Name wOBA xWOBA Diff Name wOBA xWOBA Diff
Jean Segura 0.256 0.305 -0.049 Casey McGehee 0.345 0.277 0.068
Chris Davis 0.306 0.353 -0.047 Yasiel Puig 0.398 0.340 0.058
Mark Teixeira 0.352 0.397 -0.045 Matt Adams 0.376 0.324 0.052
Gerardo Parra 0.289 0.327 -0.038 Mike Trout 0.428 0.381 0.047
Brian McCann 0.298 0.330 -0.032 Marcell Ozuna 0.343 0.300 0.043
Torii Hunter 0.323 0.355 -0.032 Lonnie Chisenhall 0.396 0.359 0.037
Joe Mauer 0.308 0.340 -0.032 Scooter Gennett 0.355 0.320 0.035
Jimmy Rollins 0.320 0.352 -0.032 Marlon Byrd 0.344 0.309 0.035
Brian Roberts 0.304 0.334 -0.030 Giancarlo Stanton 0.397 0.363 0.034
Buster Posey 0.326 0.352 -0.026 Hunter Pence 0.359 0.325 0.034

A general pattern I notice is that, having worked with this model for a while now, there do seem to be players that give the model some trouble and have a disproportionate tendency to appear on this list from year to year.  A few of these players appear on this list… more on that later.

Partly for that reason, I wouldn’t necessarily say to “buy low” the guys on the left, nor “sell high” the guys on the right; although you can if you want.  I won’t address every player, but I have some scattered comments:

  • For readers who prefer OPS, .020 wOBA translates to about .050 OPS, on the margin.
  • .397 predicted for Teixeira?  Not sure where that came from…
  • Poor Segura.  All things considered, I think nobody deserves a big second half more than he does.
  • Whatever happened to Casey McGehee‘s power?  The guy once hit 23 home runs in a season, but now has ISO of .073, with surprisingly low fly ball distance.
  • Although Chisenhall‘s breakout is not as impressive if you take out what the model thinks is luck, it’s still a pretty impressive improvement.
  • Chris Davis is sort of the reverse of Chisenhall.  Adding back in what the model thinks has been bad luck, he’s still way down from what he did last year, but not nearly as disappointing as he probably has been to many owners thus far.

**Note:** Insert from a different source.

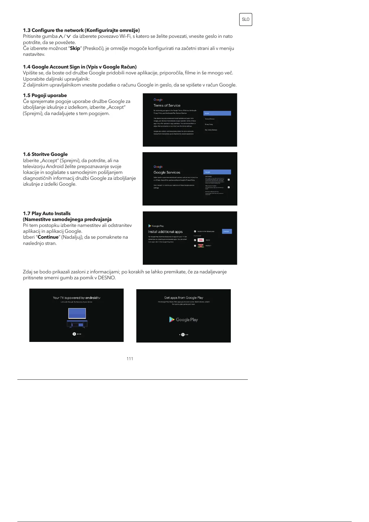 Z daljinskim upravljalnikom vnesite podatke o računu Google in geslo, da se vpišete v račun Google.

As mentioned, certain players do seem to be able to over/underperform the model somewhat consistently; the same way we think some pitchers are usually better or worse than their FIP.  With now 4.5 years of data to work with, however, I think I can make educated guesses about which players systematically deviate from the model predictions.  I’ll term this deviation the “player fixed effect.”

(Requiring at least 1000 PA from 2010 through 2014 first half)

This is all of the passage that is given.